The full article can be read here…\
https://hbr.org/2016/03/branding-in-the-age-of-social-media

Executive Summary
Social media was supposed to usher in a golden age of branding. But things didn’t turn out that way.

Marketers originally thought that Facebook, YouTube, and Twitter would let them bypass mainstream media and connect directly with customers. Hoping to attract huge audiences to their brands, they spent billions producing their own creative content. But consumers never showed up. In fact, social media seems to have made brands less significant.

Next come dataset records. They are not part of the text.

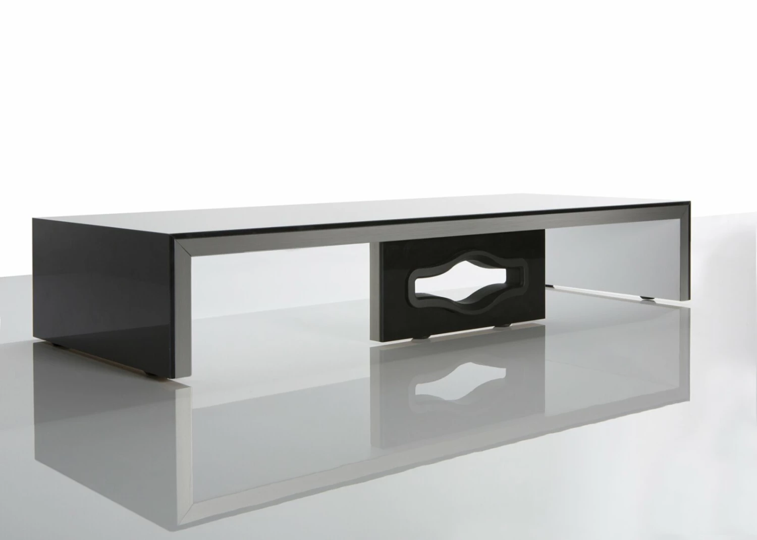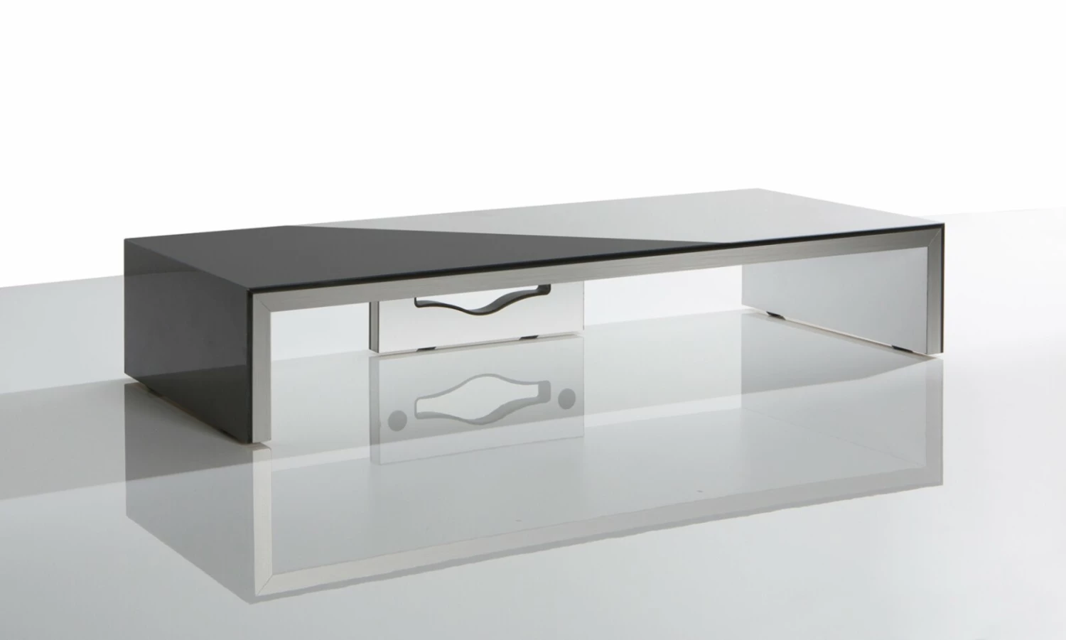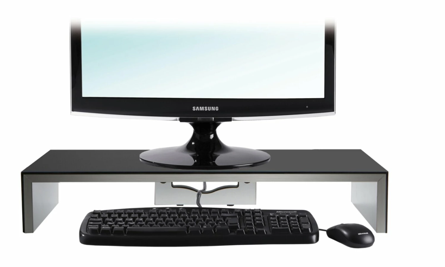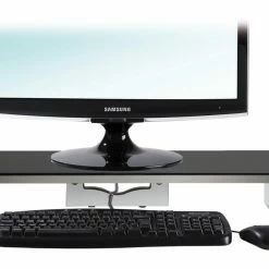 Monitorständer EDLOSA im edlen Design. Die Ecken sind im V-Schnitt gehalten und die schmalen Fronten bestehen aus Polyvinylchlorid in Aluminiumfarben. Zu tiefe und zurückgeneigte Bildschirme strapazieren die Augen, den Nacken und den Rücken, was durch eine erhöhte Platzierung des Monitorständers vermieden werden kann. Ein weiterer Vorteil ist, dass Tastatur, Maus und weitere Büromaterialien platzsparend unter dem Ständer integriert werden können, was zusätzliche Arbeitsfläche schafft.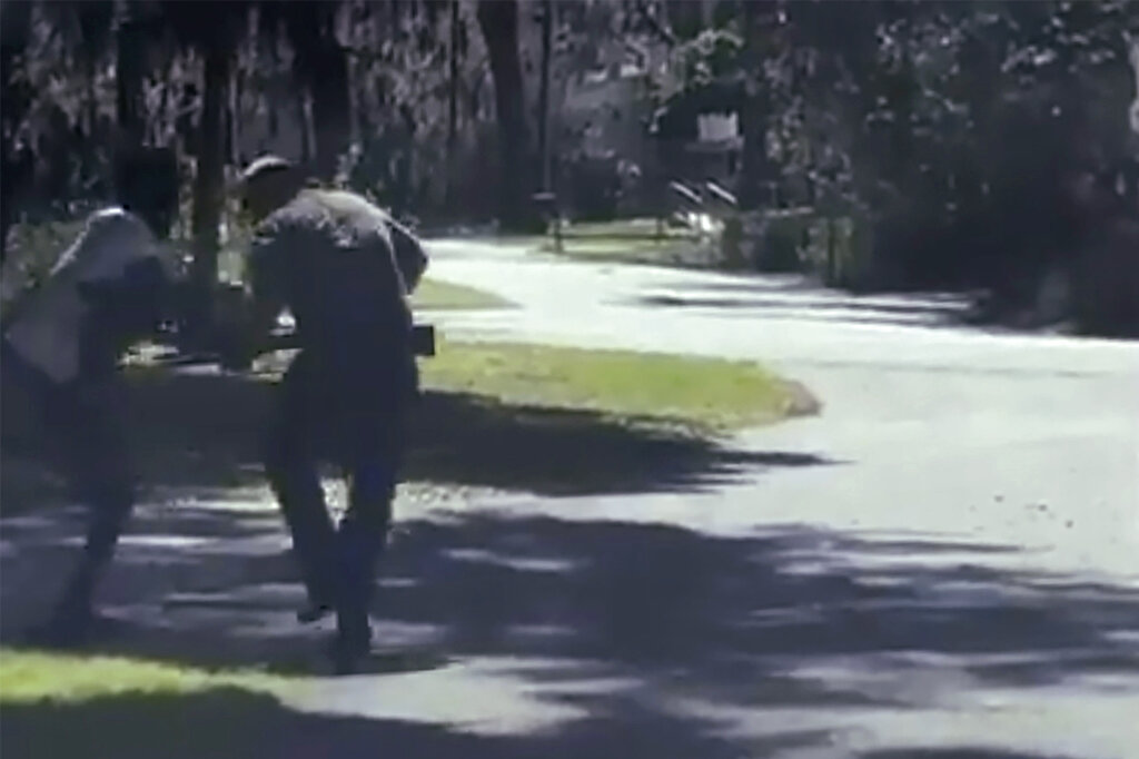 She said the grainy cellphone video shows Travis McMichael raise his shotgun beside the truck as Arbery approaches and tries to run around the opposite side. Travis McMichael is then seen stepping in front of the truck with the gun to confront the fleeing man, she said.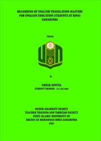 XMLNunik Novita, 2022. Measuring of English Translation Mastery for English Education Students at UINSI Samarinda. English Education Department Thesis, Teacher Training And Tarbiyah Faculty, State Islamic University of Sultan Aji Muhammad Idris Samarinda. Supervisor by Ms. Rostanti Toba, M.Pd as Advisor I, and Ms. Widya Noviana Noor as Advisor II.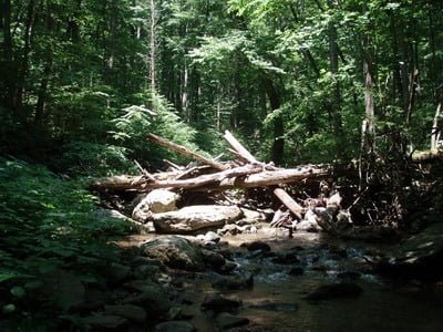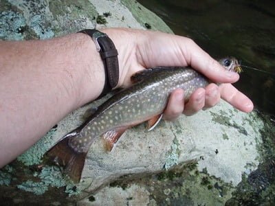 Granted, I’m 57 and I’m lucky to be in shape to do this type of a hike but this would’ve kicked my butt at 30. The trail winds its way down a gentle gradient until you reach the falls. Here the trail takes a dramatic pitch straight downhill as you navigate tight switchbacks that go directly down the face of the mountain. Once you reach the bottom of the falls, the trail levels out but continues its torturous downward pitch. We breathed a sigh of relief as the trail finally leveled off in the valley floor. We passed a group of campers and asked them if they had been fishing. They told us that they had not but had seen plenty of fish when they walked by the Doyles River Falls around the corner. It turns out that “around the corner” is about a half mile up from the confluence of the Jones and the Doyles. We decided that we wanted to fish the higher volume of water that would be downstream of the confluence so ignored the upstream guidance and started to bushwhack our way downstream. Once you leave the trail, there is no trail — pretty obvious statement.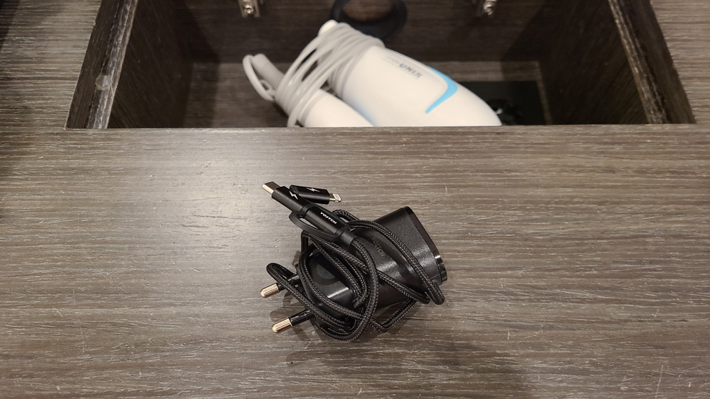 헤어 드라이어와 휴대폰 충전기도 있다.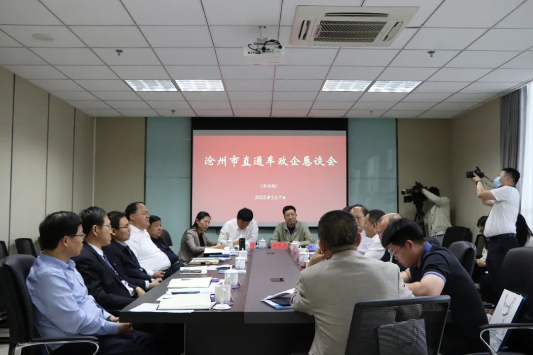 5月7日,副市长尹卫江在沧州市金控公司主持召开直通车政企恳谈会,与企业家代表面对面交流,问需求、听建议、解难题,助力企业更好发展。市政府副秘书长徐超,市委统战部副部长、市工商联党组书记、常务副主席田树波,市工商联主席张晓明,市金融控股有限公司董事长韩中文,市工商联副主席、市民营企业直通车服务中心主任刘泽胜等陪同座谈。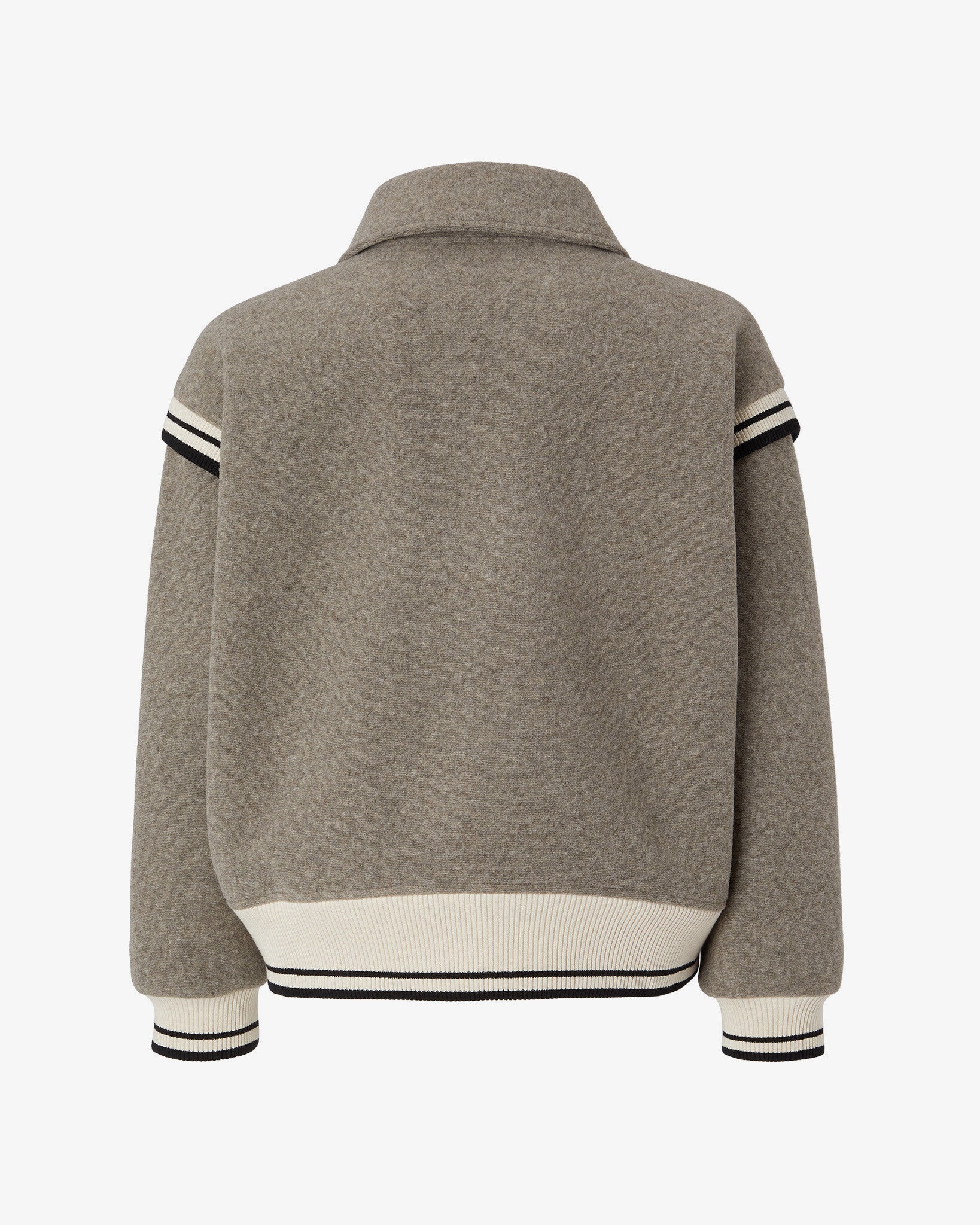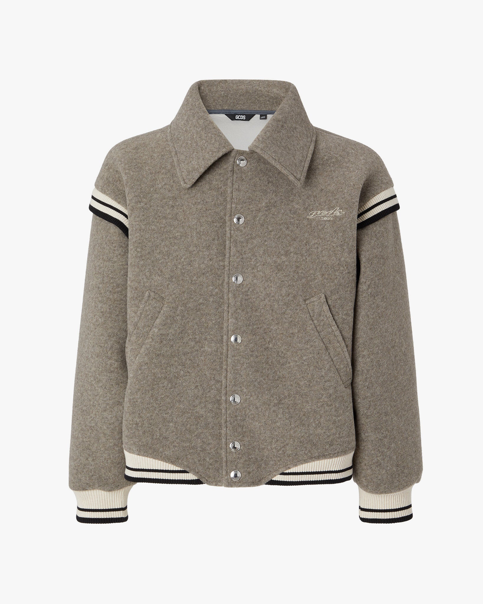 Collared GCDS Team Bomber is crafted from wool blend for a timelessly stylish look. It features a black and white striped ribbed collar, contrast buttons, and the GCDS logo in contrast on the front. Two side pockets complete the classic design.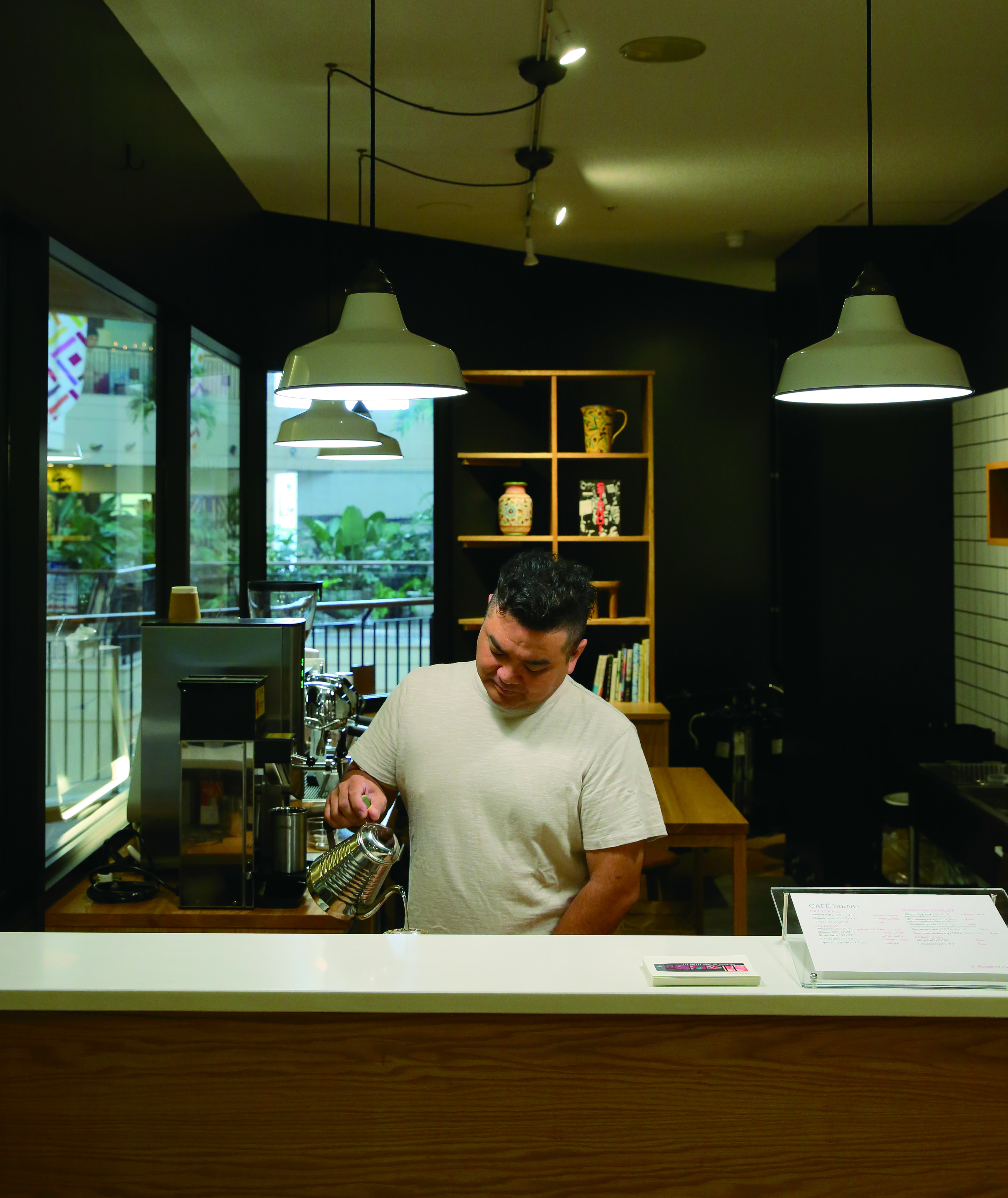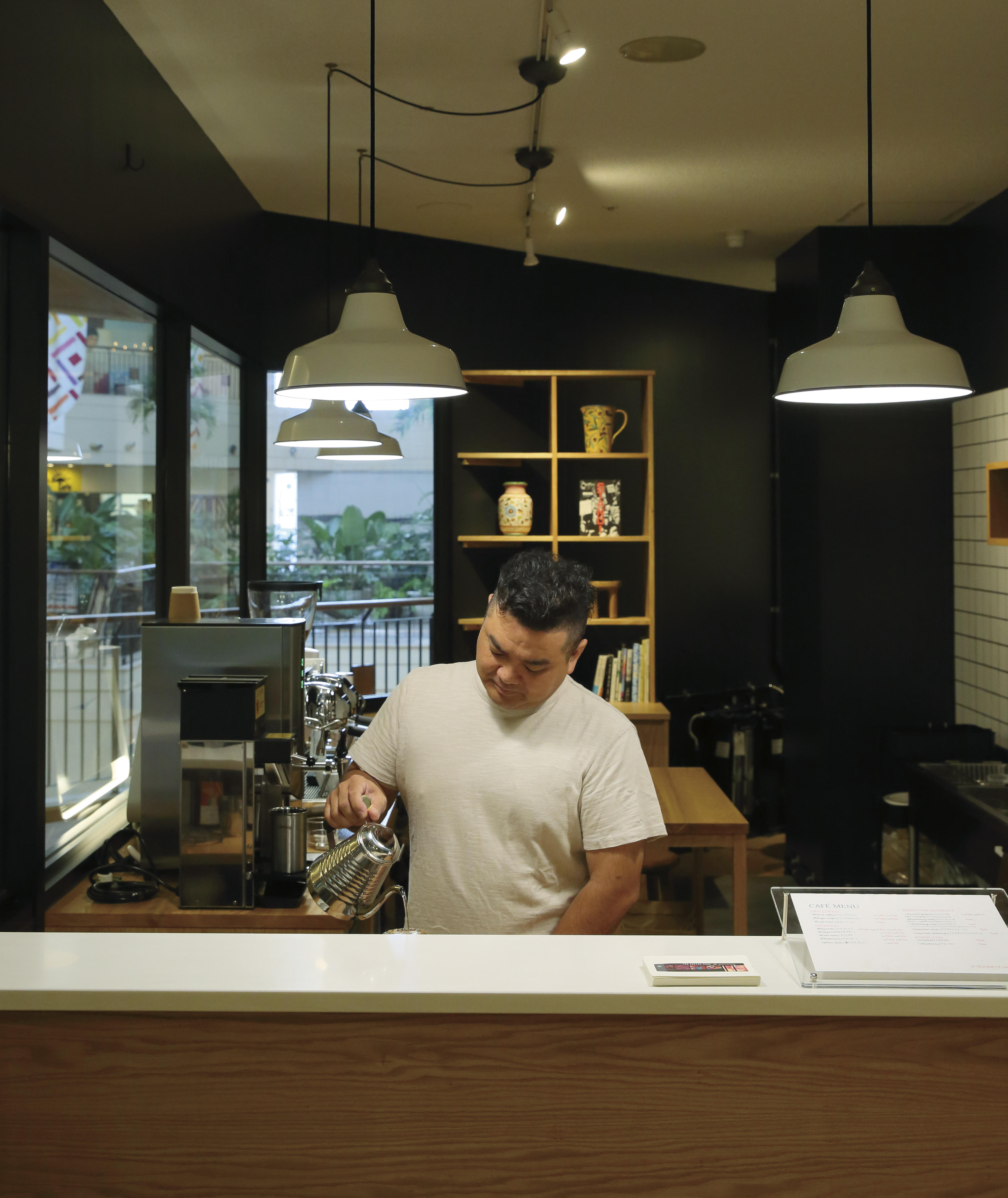 おきなわいちば78号で取材したハミングコーヒーの末吉業人さんとは、おきなわいちば48号「コーヒーの時間」(2015年冬号)以来の再会でした。あの頃とかわらず、周りを幸せにしてくれる笑顔と、まっすぐな想いで、新しいお店「ハミングコーヒー」のことについてお話ししてくださいました。今回の78号では、ハンドドリップ中の末吉さんの写真を大きく掲載。それまでほがらかに笑っていらっしゃったのに、ケトルをもった瞬間、真剣な顔つきでリズムよくお湯を注ぐ所作が印象的でした。![]()

What happened? The issue is, social media has transformed how culture works, in a way that weakens certain branding techniques. It has united once-isolated communities into influential crowdcultures. Crowdcultures are very prolific cultural innovators. Their members produce their own content—so well that companies simply can’t compete. Consider that people making videos in their living rooms top the charts on YouTube, which few companies have managed to crack.

While they diminish the impact of branded content, crowdcultures grease the wheels for an alternative approach, cultural branding. In it, a brand sets itself apart by promoting a new ideology that springs from the crowd. Chipotle did this successfully when it made two short films critiquing industrial food, tapping into a movement that began in the organic-farming subculture and blew up into a mainstream concern on social media. Other good examples come from personal care. Axe revived its brand by becoming an over-the-top cheerleader for the “lad” crowd that arose as a response to politically correct gender politics. Dove championed the other side of the divide, with campaigns that spoke to crowdculture concerns about unhealthy beauty standards for women.

Brands succeed when they break through in culture, and crowdcultures are a great vehicle for doing that. But firms can’t identify the critical opportunities by relying on traditional segmentation and trend reports.